The BBC has an article about the Big Bang:
“You just won't believe how vastly, hugely, mind-bogglingly big space is,” said author Douglas Adams. “I mean, you may think it's a long way down the road to the chemist's, but that's just peanuts to space.” By our best estimates, there are around a hundred billion stars in the Milky Way, and at least a hundred and forty billion galaxies across the Universe. If galaxies were frozen peas, there would be enough to fill the Royal Albert Hall.
So how was this unimaginably giant Universe created? For centuries scientists thought the Universe always existed in a largely unchanged form, run like clockwork, thanks to the laws of physics. But a Belgian priest and scientist called George Lemaitre put forward another idea. In 1927, he proposed that the Universe began as a large, pregnant, and primeval atom, exploding and sending out the smaller atoms that we see today.

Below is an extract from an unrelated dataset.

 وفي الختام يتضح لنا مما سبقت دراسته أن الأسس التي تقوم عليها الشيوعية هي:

His idea went largely unnoticed. But, in 1929, astronomer Edwin Hubble discovered that the Universe isn’t static but is, in fact, expanding. If so, some scientists reasoned that if you rewound the Universe's life then, at some point, it should have existed as a tiny, dense point. Critics dismissed this, and the celebrated astronomer Fred Hoyle sarcastically called this concept the Big Bang theory, a phrase that would later be adopted by its proponents.
Undeterred by sceptics, scientists Ralph Alpher, George Gamow, and Robert Herman predicted that, if there had been a Big Bang, then a faint afterglow should linger somewhere in the Universe, and we should in theory be able to detect it. To do so would require one of the greatest pieces of fortune in science.

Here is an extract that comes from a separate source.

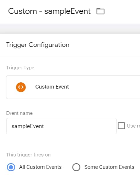 “Setup tag” also uses the same “sampleEvent” Custom Event Trigger.

In the mid-1960s, astronomers Arno Penzias and Robert Wilson were having a tough time trying to tune into the microwave signals transmitted from the Milky Way. The radio antenna they were using kept picking up a persistent weak hiss of radio noise. Rebuilding the antenna couldn’t get rid of the noise. Nor could clearing the pigeons that had roosted in there, or their mess. That’s because the hiss they tried so hard to remove was the echo of the Big Bang, or the Cosmic Microwave Background radiation, as it is known.
If the Big Bang theory is true, how did it lead to all the planets, stars, and galaxies we can see today? Thanks to a series of calculations, observations from telescopes on Earth and probes in space, our best explanation is this.

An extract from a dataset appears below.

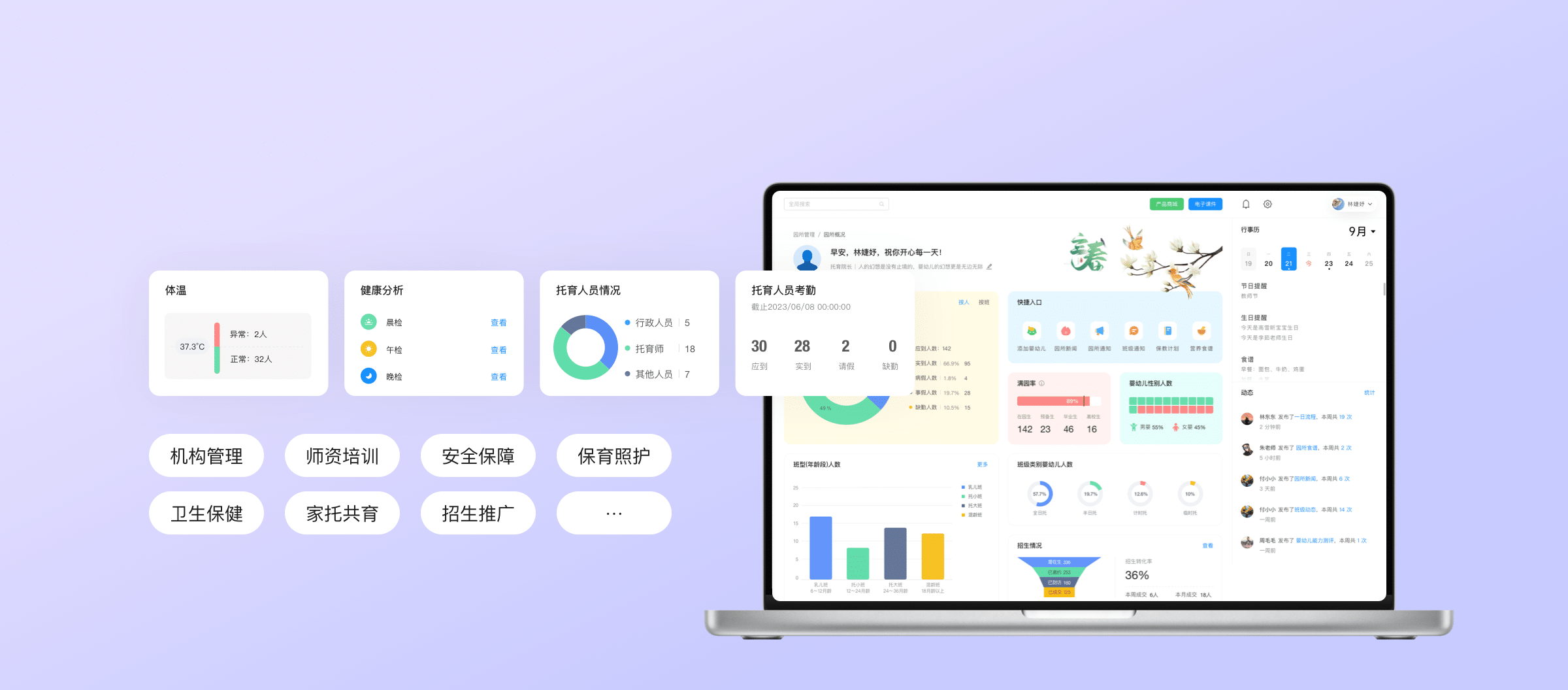 精准匹配管理刚需。深度适配托育专属场景,满足机构智能化管理核心需求。

Around fourteen billion years ago, all the matter in the Universe emerged from a single, minute point, or singularity, in a violent burst. This expanded at an astonishingly high rate and temperature, doubling in size every ten to thirty seconds, creating space as it rapidly inflated. Within a tiny fraction of a second gravity and all the other forces were formed. Energy changed into particles of matter and antimatter, which largely destroyed each other. But luckily for us, some matter survived. Protons and neutrons started to form within the first second; within minutes these protons and neutrons could fuse and form hydrogen and helium nuclei. After three hundred thousand years, nuclei could finally capture electrons to form atoms, filling the Universe with clouds of hydrogen and helium gas. After around four hundred thousand years, it left behind a bath of photons– the Cosmic Microwave Background that Penzias and Wilson accidentally detected. Within this were tiny ripples of matter that were stretched to enormous sizes during inflation, and in turn these became the seeds for the galaxies and galactic clusters we see today.
If this is how we think the Universe began, then how will it end? Well, that’s another story entirely.
Rico says, no, not the television show... (Either that, or God did it.)